Permitting the Payment of Variable Benefits from Defined Contribution (DC) Pension Plans
R.R.O. 1990, REGULATION 909
ONTARIO REGULATION 287/11
Bill or Act:
Summary of Proposal:
Currently, plan members who belong to a pension plan that provides defined contribution (DC) benefits must transfer their money to a financial institution to start receiving retirement income.
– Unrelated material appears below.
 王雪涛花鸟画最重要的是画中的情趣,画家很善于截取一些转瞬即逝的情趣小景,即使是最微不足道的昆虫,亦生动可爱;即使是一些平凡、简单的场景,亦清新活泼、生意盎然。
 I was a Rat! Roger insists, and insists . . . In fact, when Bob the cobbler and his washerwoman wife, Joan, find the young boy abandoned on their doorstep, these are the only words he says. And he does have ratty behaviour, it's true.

The variable benefit provisions in the Pension Benefits Act (PBA) would permit, but would not require, an administrator to offer Life Income Fund (LIF)-like payments directly from the plan through the establishment of a variable benefit account.
Variable benefits are considered 'variable' because retired members would be able to determine how much income is withdrawn annually, subject to a minimum amount required by the Income Tax Act (ITA) and a maximum amount set out in the regulations to the PBA. Retired members who elect to receive a variable benefit pension could continue to benefit from the plan's investment expertise and economies-of-scale.
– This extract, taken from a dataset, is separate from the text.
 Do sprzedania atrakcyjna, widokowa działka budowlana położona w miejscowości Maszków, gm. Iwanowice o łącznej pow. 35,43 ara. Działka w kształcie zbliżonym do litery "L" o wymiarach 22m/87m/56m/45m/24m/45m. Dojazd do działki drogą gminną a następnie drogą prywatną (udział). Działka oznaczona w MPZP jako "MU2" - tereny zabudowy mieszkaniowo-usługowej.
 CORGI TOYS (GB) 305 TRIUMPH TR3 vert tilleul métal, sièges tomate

The legislative framework for variable benefits is set out in sections 39.1, 39.1.1, 39.1.2, 67.1, 67.7, 67.8 and 67.9 of the PBA.
The main provisions contained in the proposed new variable benefits regulation would address:
• Basic rules regarding how a retired member may elect to receive variable benefits, the amount that must be transferred from the retired member's defined contribution account to the variable benefit account and the minimum and maximum amounts that must be paid from the account in a calendar year.
• The obligation on the administrator to provide the member with an initial statement and the obligation on the retired member or specified beneficiary to notify the administrator of the amount, frequency and method of payment.
• Default option in the event that an individual does not notify the administrator of the amount, frequency or method of payment.
• Details about the variable benefit account that the plan administrator must provide to the retired member in the initial statement, including the amount transferred to the account, notice requirements, information that the retired member may designate his or her spouse as a specified beneficiary for the purpose of the Income Tax Regulations and that the retired member is entitled to withdraw or transfer from the account up to 50 per cent to a registered retirement savings arrangement within 60 days of the establishment of the account.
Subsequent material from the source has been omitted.